Problem statement: Retype every record exactly. Leave the pictures out.

***** Data for review

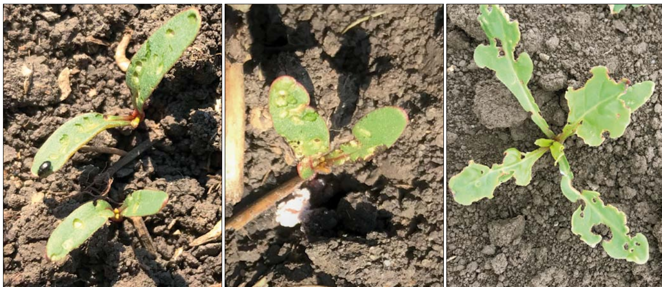
Obr. 1. Poškození vzházejících rostlin cukrové řepy dřepčičky při použití osiva mořeného tefluthrinem

Insekticidní moření osiva cukrové řepy je u nás v posledních dvaceti letech dvousložkové, sestává z fumigujícího pyretroidu ( tefluthrin nebo betacyfluthrin ) a systemického neonicotinoidu ( imidacloprid nebo thiometoxam či clothianidin ). Je to velmi osvědčená kombinace insekticidních účinných látek. Pyretroidní
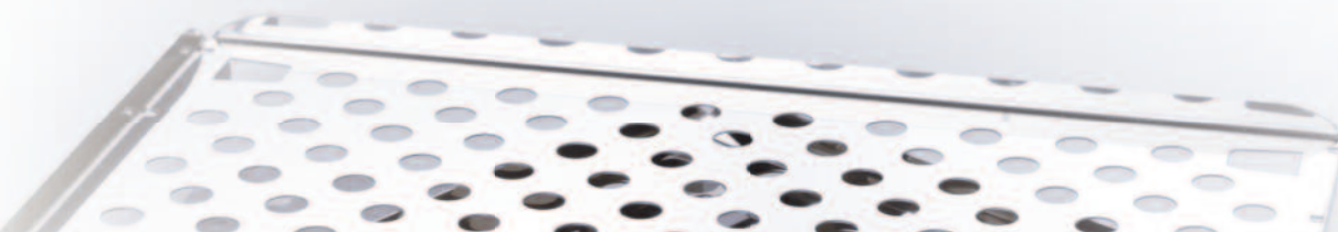
TABLEAU DES CARACTÉRISTIQUES/RÉFÉRENCES ACCESSOIRES
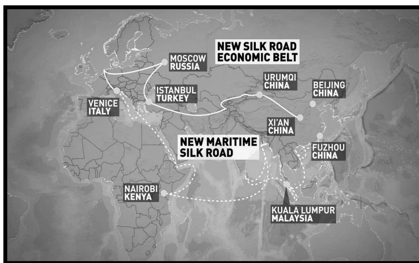
شکل ۲: کمربند اقتصادی جاده ابریشم جدید

در سال‌های اخیر، ایده جاده ابریشم مجدداً احیا شده و اندیشمندان غربی و شرقی طرح‌هایی را برای راه‌اندازی مجدد و گسترش آن ارائه داده‌اند. دو طرح ارائه شده در خصوص جاده ابریشم جدید عبارتند از: «طرح جاده ابریشم آمریکا» که در سال ۲۰۱۱ توسط هیلاری کلینتون مطرح شد و دیگری «طرح جاده ابریشم چین» که شی جی پینگ طی یک سخنرانی در دانشگاه نظربایف قزاقستان در هفتم سپتامبر ۲۰۱۳ مطرح کرد (ملکی و رثوفی، ۱۳۹۵:ص ۲۷-۲۵).
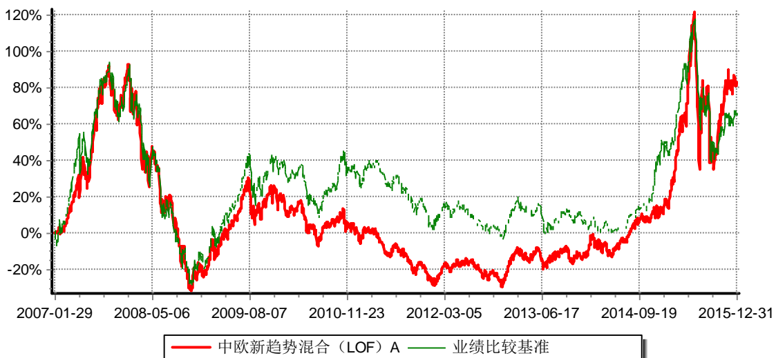
中欧新趋势混合型证券投资基金A（LOF） 累计份额净值增长率与业绩比较基准收益率历史走势对比图 （2007年1月29日-2015年12月31日）

**********

Result:
Obr. 1. Poškození vzházejících rostlin cukrové řepy dřepčičky při použití osiva mořeného tefluthrinem

Insekticidní moření osiva cukrové řepy je u nás v posledních dvaceti letech dvousložkové, sestává z fumigujícího pyretroidu ( tefluthrin nebo betacyfluthrin ) a systemického neonicotinoidu ( imidacloprid nebo thiometoxam či clothianidin ). Je to velmi osvědčená kombinace insekticidních účinných látek. Pyretroidní
TABLEAU DES CARACTÉRISTIQUES/RÉFÉRENCES ACCESSOIRES
شکل ۲: کمربند اقتصادی جاده ابریشم جدید

در سال‌های اخیر، ایده جاده ابریشم مجدداً احیا شده و اندیشمندان غربی و شرقی طرح‌هایی را برای راه‌اندازی مجدد و گسترش آن ارائه داده‌اند. دو طرح ارائه شده در خصوص جاده ابریشم جدید عبارتند از: «طرح جاده ابریشم آمریکا» که در سال ۲۰۱۱ توسط هیلاری کلینتون مطرح شد و دیگری «طرح جاده ابریشم چین» که شی جی پینگ طی یک سخنرانی در دانشگاه نظربایف قزاقستان در هفتم سپتامبر ۲۰۱۳ مطرح کرد (ملکی و رثوفی، ۱۳۹۵:ص ۲۷-۲۵).
中欧新趋势混合型证券投资基金A（LOF） 累计份额净值增长率与业绩比较基准收益率历史走势对比图 （2007年1月29日-2015年12月31日）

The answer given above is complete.